Supplied information.
════════════════════

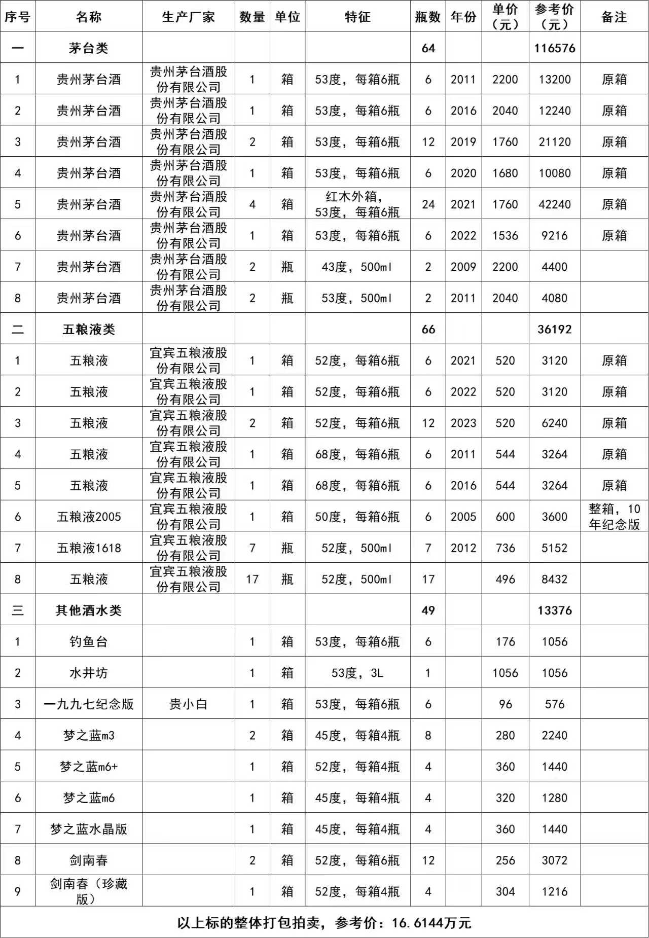 1、贵州茅台酒计64瓶、五粮液酒计66瓶及其他类酒水计49瓶,整体打包拍卖,参考价:16.6144万元,竞买保证金:2万元。标的详情见下方清单:
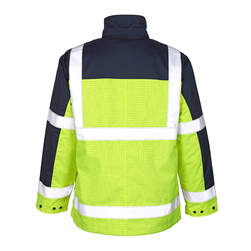 Bequeme Warnschutzjacke aus Stretchstoff mit körperbetonten Schnitt, verstärktem Stoff und Reflexelementen. Material: 50% Polyester/50% Baumwolle, 270 g/m². Produkteigenschaften: 2 Brusttaschen, 2 Seitentaschen, 2 Innentaschen, Oberamtasche, Frontreißverschluss mit kombiniertem Kinn-und Bartschoner sowie Windschutzblende, Steh-/Umlegekragen, Schulter mit Stretcheinsatz, weitenregulierbar Ärmel mit innenliegendem Strickbündchen, verlängerter Rücken. Reflex-Elemente: Segmentiertes und durchgehendes Reflexband kombiniert, 2 Reflexstreifen an Rumpf und Ärmel umlaufend (5cm breit), zusätzliche Reflexstreifen über Schulter sowie an Brust und oberem Rücken (5cm breit) und am Oberarm (2,5cm breit). Norm: EN ISO 20471 Kl. 2.
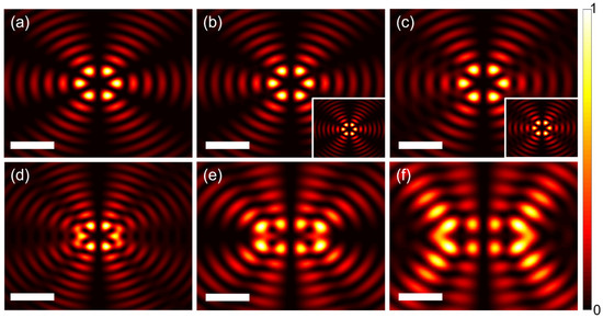 The focusing patterns for different deviation distances with are shown in Figure 3. At ideal alignment (), the focusing pattern exhibits a symmetrical distribution with six lobes (Figure 3a). When the deviation is not comparable to the radius of the annular ring, the focusing patterns remain largely unchanged (Figure 3b,c), where the theoretical prediction in Equation (9) agrees well with the simulations (insets in Figure 3b,c). As increases, the symmetry is progressively broken, leading to more complex electric field distributions (Figure 3d–f), which stem from the mismatched excitation of plasmonic modes due to the offset. The modulation of the focusing patterns in Figure 3d–f is negligible near the y axis, while it is amplified near the x axis. This discrepancy can be explained by the fact that the deviation angle is smaller for observation points closer to the vertical center boundary of the ring compared to those near the horizontal boundary. Consequently, the approximation in Equation (9) is more accurate in regions where is inherently smaller. Nevertheless, in most cases, the approximation formula serves as a valuable tool for analyzing related problems.
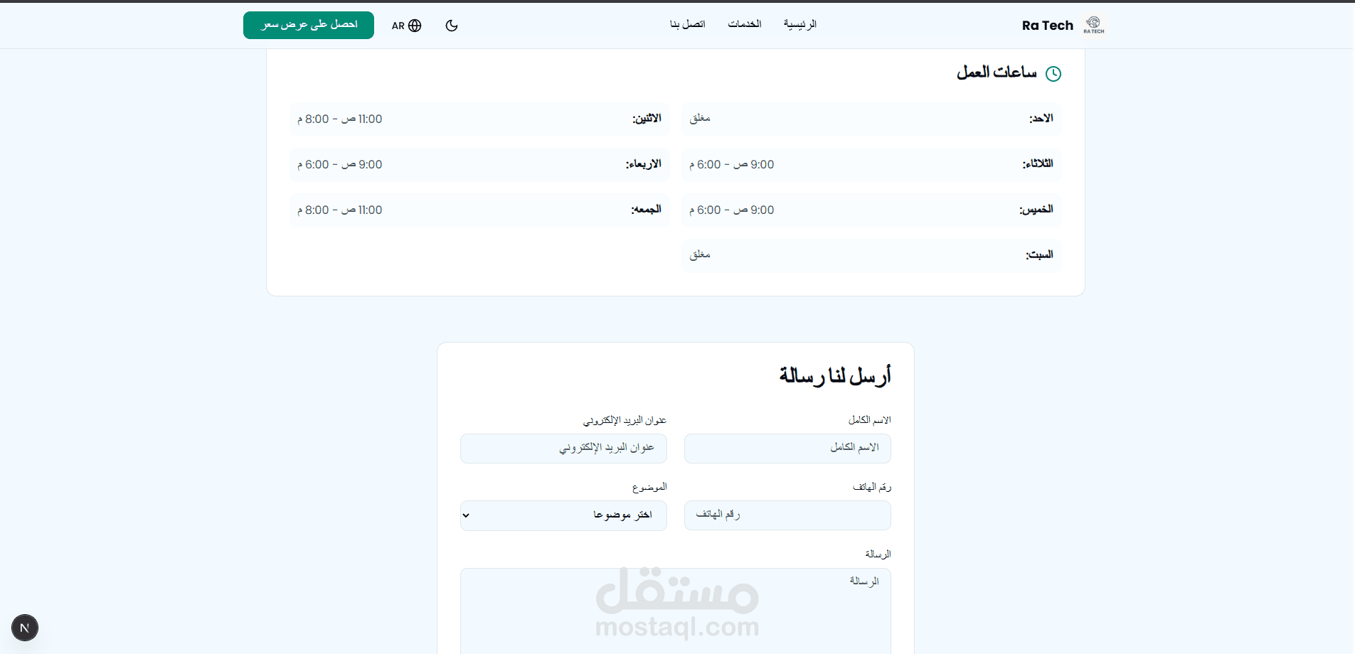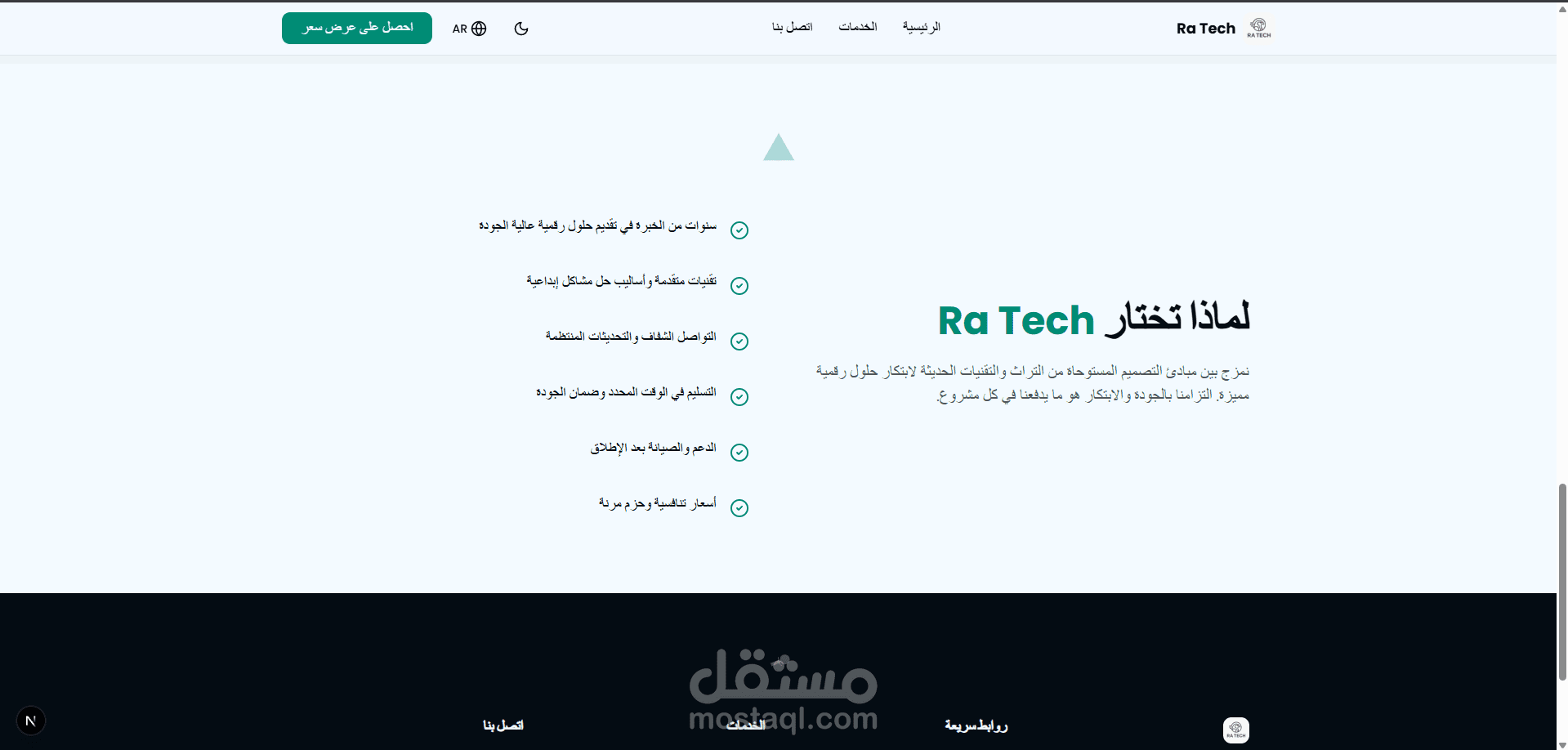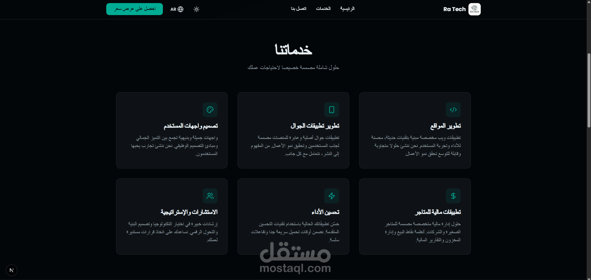 أستعرض نموذج واجهة أمامية (Frontend) مطوّرة باستخدام Next.js لموقع شركة تقنية حديثة باسم رع تك.

════════════════════

Work item.
When you retype the listing, keep every line exactly as it is and drop the pictures.

Result of the task.
 1、贵州茅台酒计64瓶、五粮液酒计66瓶及其他类酒水计49瓶,整体打包拍卖,参考价:16.6144万元,竞买保证金:2万元。标的详情见下方清单:
 Bequeme Warnschutzjacke aus Stretchstoff mit körperbetonten Schnitt, verstärktem Stoff und Reflexelementen. Material: 50% Polyester/50% Baumwolle, 270 g/m². Produkteigenschaften: 2 Brusttaschen, 2 Seitentaschen, 2 Innentaschen, Oberamtasche, Frontreißverschluss mit kombiniertem Kinn-und Bartschoner sowie Windschutzblende, Steh-/Umlegekragen, Schulter mit Stretcheinsatz, weitenregulierbar Ärmel mit innenliegendem Strickbündchen, verlängerter Rücken. Reflex-Elemente: Segmentiertes und durchgehendes Reflexband kombiniert, 2 Reflexstreifen an Rumpf und Ärmel umlaufend (5cm breit), zusätzliche Reflexstreifen über Schulter sowie an Brust und oberem Rücken (5cm breit) und am Oberarm (2,5cm breit). Norm: EN ISO 20471 Kl. 2.
 The focusing patterns for different deviation distances with are shown in Figure 3. At ideal alignment (), the focusing pattern exhibits a symmetrical distribution with six lobes (Figure 3a). When the deviation is not comparable to the radius of the annular ring, the focusing patterns remain largely unchanged (Figure 3b,c), where the theoretical prediction in Equation (9) agrees well with the simulations (insets in Figure 3b,c). As increases, the symmetry is progressively broken, leading to more complex electric field distributions (Figure 3d–f), which stem from the mismatched excitation of plasmonic modes due to the offset. The modulation of the focusing patterns in Figure 3d–f is negligible near the y axis, while it is amplified near the x axis. This discrepancy can be explained by the fact that the deviation angle is smaller for observation points closer to the vertical center boundary of the ring compared to those near the horizontal boundary. Consequently, the approximation in Equation (9) is more accurate in regions where is inherently smaller. Nevertheless, in most cases, the approximation formula serves as a valuable tool for analyzing related problems.
 أستعرض نموذج واجهة أمامية (Frontend) مطوّرة باستخدام Next.js لموقع شركة تقنية حديثة باسم رع تك.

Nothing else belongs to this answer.